On Sunday 5 July, the people of Greece will be asked to vote YES or NO on whether to accept the terms of the latest bailout package and their prescribed austerity measures – measures which through years of implementation have proved disastrous for the Greek economy and its people.

Although Greece has not been a monarchy since the coup of 21 April 1967, the schism between royalists and democrats remains a live one to this day – dividing families, communities and political parties. Alexis Tsipras’ first symbolic act as Prime Minister of Greece was to visit the memorial to resistance fighters murdered en masse by Nazis during the occupation of Greece. The parallels he wished his fellow Greeks to draw to the contemporary situation could not have been more ideologically stark.

And yet Alexis Tsipras is serious. Yanis Varoufakis is serious. What’s at stake here is far greater than the future of Greece as a sovereign nation: what’s at stake is the future of capitalism. That Varoufakis is entering negotiations with explicit consciousness of this is world-historic. For a man of his ethics and his intellectual appetite, there could be no lesser goal than to demonstrate and then to effect the redundancy of an economic system that is blind to the human costs of its relentless flows.

And so it may well be a game – the expertise area for which Varoufakis is well known – but it is no rank gamble. If capitalism is a relentlessly appropriative scheme – consuming left and right, yes and no – then Varoufakis wants to test its next permutation – with conviction, not recklessness.

The future Greek schism is inevitable. What form will it take? With military service having long been compulsory, the Greek population is trained, armed and confident. This is what makes Golden Dawn so frightening. Several generations have seen worse, and got through with exceptional resilience, resourcefulness and good humour; everything I describe here is within living memory for Greeks who were there, for my parents who are there, for family spread across the country and spanning several living generations, and for the compelling oral histories that have come to define the national character.

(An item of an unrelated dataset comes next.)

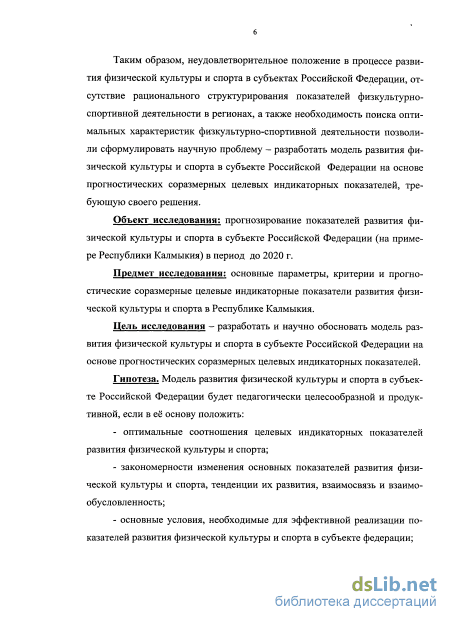 Таким образом, неудовлетворительное положение в процессе развития физической культуры и спорта в субъектах Российской Федерации, отсутствие рационального структурирования показателей физкультурно-спортивной деятельности в регионах, а также необходимость поиска оптимальных характеристик физкультурно-спортивной деятельности позволили сформулировать научную проблему – разработать модель развития физической культуры и спорта в субъекте Российской Федерации на основе прогностических соразмерных целевых индикаторных показателей, требующую своего решения.

Greeks know the power of the redundant NO. Whether the European offer is on the table come Sunday, Greece will exercise its right to self-determination – a right that for far too long has had the capacity to be exercised only rhetorically. My hope is that the next of the inevitable schisms will be between this rhetorical confidence and a genuine nation-building effort, for a practical confidence that shapes the future Greece: a tension that is constructive, not violent. There is so much at stake, and so much good work to be done.